Interpretive Summary: In this study we sought to gain a better understanding of the cause of the high oleic acid trait in a small group of pima cotton varieties that we found previously. A gene that acts a gatekeeper to production of polyunsaturated fatty acids from monounsaturates was affected. And rather than a relatively small DNA insertion as first thought, we found that the mutation was caused by movement of a poorly understood self-copying DNA element called a retrotransposon. The mutation alters the protein coding sequence of the gatekeeper enzyme, called a desaturase, leading to changes in the protein sequence and biochemical properties of this enzyme. Most or all of the negative change come from the loss of a section of the protein deleted by the transposon mutation, thus confirming the importance of maintaining strict accuracy of DNA sequence throughout the entire gene. These results also reaffirm the importance of the gatekeeper desaturases as determinants of seed oil fatty acid composition, including cottonseed oil.

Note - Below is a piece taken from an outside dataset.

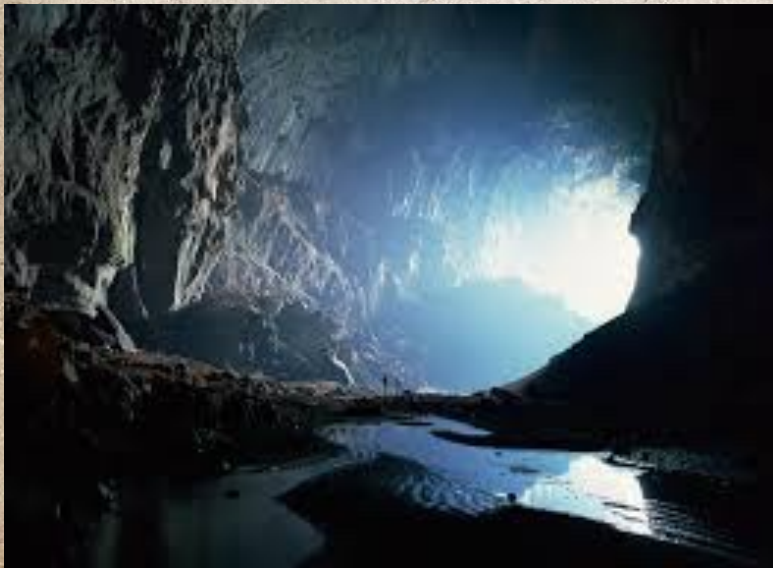
This is a cave

In the Stone Age, they had three different houses. In the Paleolithic, they had caves and they had to put fire outside the cave so animals ran away. They also had to keep moving from cave to cave because their prey would have kept moving. In the Mesolithic, they made animal skin tents. They did that by killing animals and scraping the skin off them. Finally in the Neolithic, they had permanent houses and they were made out of wattle and daub. Also, in the Neolithic they had farms.

Technical Abstract: Cotton (Gossypium sp.) has been cultivated for centuries for its spinnable fibers, but its seed oil also possesses untapped economic potential if, improvements could be made to it oleic acid content. Previous studies, including those from our laboratory, identified pima accessions containing approximately doubled levels of seed oil oleic acid, compared to standard upland cottonseed oil. Here, the molecular properties of a fatty acid desaturase encoded by a mutant allele identified by genome sequencing in an earlier analysis were analyzed. The mutant sequence is predicted to encode a C-terminally truncated protein lacking nine residues, including a predicted endoplasmic reticulum membrane retrieval motif. We determined that the mutation was caused by a relatively recent movement of a Ty1/copia type retrotransposon that is not found associated with this desaturase gene in other sequenced cotton genomes. The mutant desaturase, along with its repaired isozyme and the wild-type A-subgenome homoeologous protein were expressed in transgenic yeast and stably transformed Arabidopsis plants. All full-length enzymes had high levels of activity, and efficiently converted oleic acid to linoleic acid. The mutant desaturase protein displayed only trace amounts of activity and only when strongly overexpressed in yeast cells, indicating that the missing C-terminal amino acid residues are not strictly required for enzyme activity, yet are necessary for proper subcellular targeting to the endoplasmic reticulum membrane. These results provide the biochemical underpinning that links a genetic lesion present in a limited group of South American pima cotton accessions and their rare seed oil oleic acid traits. Markers developed to the mutant desaturase allele are currently being used in breeding programs designed to introduce this trait into agronomic upland cotton varieties.